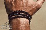 Состоит из трёх мужских браслетов из камня вулканической лавы. Цена указана за весь комплект.
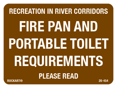 20-4544 X 3 Decal - Recreation In River Corridors - Fire Pan and Portable Toilet Requirements - Please Read, Wht/Brn, Neg, Non-Reflective
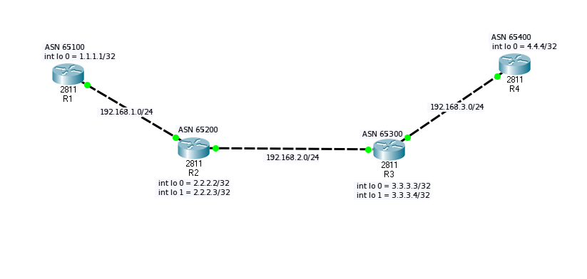 Router(config)#router bgp 65400Router(config-router)#no syncRouter(config-router)#bgp log-neighbor-changesRouter(config-router)#network 172.16.3.0 mask 255.255.255.0Router(config-router)#network 4.4.4.4 mask 255.255.255.255Router(config-router)#neighbor 172.16.3.1 remote-as 65300Router(config-router)#%BGP-5-ADJCHANGE: neighbor 172.16.3.1 Up
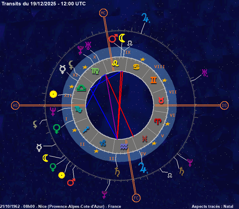 Click on the chart to switch between Natal and Transit aspects
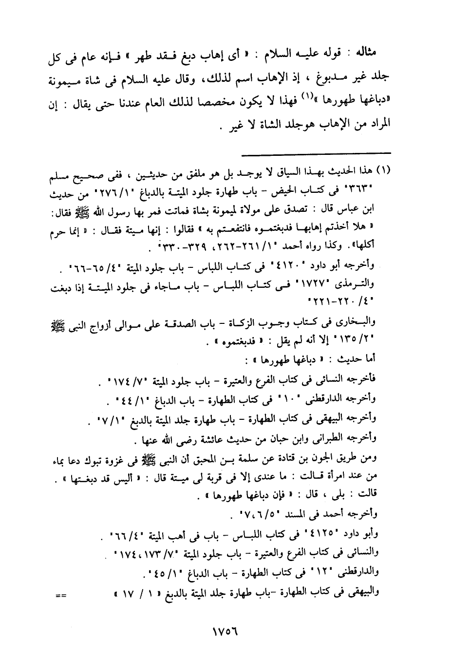مثاله: قوله عليه السلام: "أي إهاب دبغ فقد طهر" فإنه عام في كل جلد غير مدبوغ، إذ الإهاب اسم لذلك، وقال عليه السلام في شاة ميمونة "دباغها طهورها" فهذا لا يكون مخصصا لذلك العام عندنا حتى يقال: إن المراد من الإهاب هو جلد الشاة لا غير.
================
(Exercise goal): Make an exact copy of the data above, pictures excluded.

(Expected answer):
 Состоит из трёх мужских браслетов из камня вулканической лавы. Цена указана за весь комплект.
 20-4544 X 3 Decal - Recreation In River Corridors - Fire Pan and Portable Toilet Requirements - Please Read, Wht/Brn, Neg, Non-Reflective
 Router(config)#router bgp 65400Router(config-router)#no syncRouter(config-router)#bgp log-neighbor-changesRouter(config-router)#network 172.16.3.0 mask 255.255.255.0Router(config-router)#network 4.4.4.4 mask 255.255.255.255Router(config-router)#neighbor 172.16.3.1 remote-as 65300Router(config-router)#%BGP-5-ADJCHANGE: neighbor 172.16.3.1 Up
 Click on the chart to switch between Natal and Transit aspects
مثاله: قوله عليه السلام: "أي إهاب دبغ فقد طهر" فإنه عام في كل جلد غير مدبوغ، إذ الإهاب اسم لذلك، وقال عليه السلام في شاة ميمونة "دباغها طهورها" فهذا لا يكون مخصصا لذلك العام عندنا حتى يقال: إن المراد من الإهاب هو جلد الشاة لا غير.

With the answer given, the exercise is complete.